Earnings at PNC Financial (NYSE:) suffered last year along with the entire financial sector. Net income before extraordinary items came in at $2.95B in 2020, down from $5.35 in 2019 for a 45% reduction. In our opinion, amid the biggest crisis since the Great Depression, the fact that PNC and its peers even managed to stay profitable is admirable.
Profit declines during a crisis are hardly surprising. What many didn’t expect, though, was the sharp surge in PNC Financial in the last three quarters of last year. The price briefly dipped below $80 a share in March 2020. Last week, it closed above $180. We are happy to say that to our regular readers that rally didn’t come out of the blue.
The chart above was on our website on June 23, 2020. It depicts a very clear bullish 5-3 Elliott Wave cycle starting from the 2009 bottom.

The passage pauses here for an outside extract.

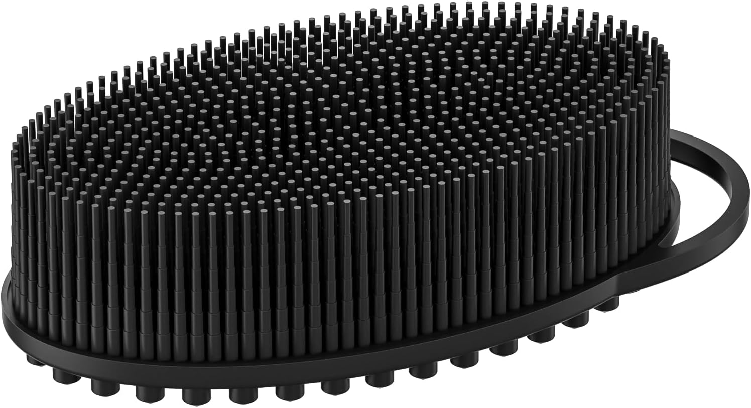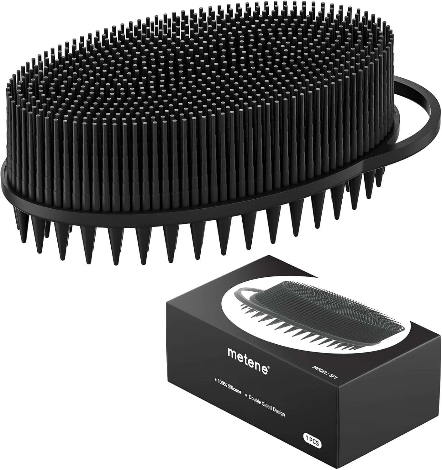 Metene Silicone Exfoliating Body Scrubber with Loop, Body Scrubber for Men and Women, Silicone Loofah for Shower, Soft Silicone Body Scrubber for Shower and Bath Skincare Routine (Black)

The first phase of the cycle is a five-wave impulse pattern, labeled 1-2-3-4-5. The second was an A-B-C flat correction.
According to the theory, once a correction is over, the preceding trend resumes. That was the logic we relied on when we shared our bullish view on PNC Financial last summer. Instead of extrapolating the recent crash into the future, we thought it had significantly de-risked the stock. A buying opportunity presented itself.
Last month, PNC Financial climbed to $184, up 130% from last years’ low and 69% since we wrote about it. Now, assuming another impulse pattern is going to form, it looks like $200 a share is within reach. After that, however, another correction to ~$150 should be expected.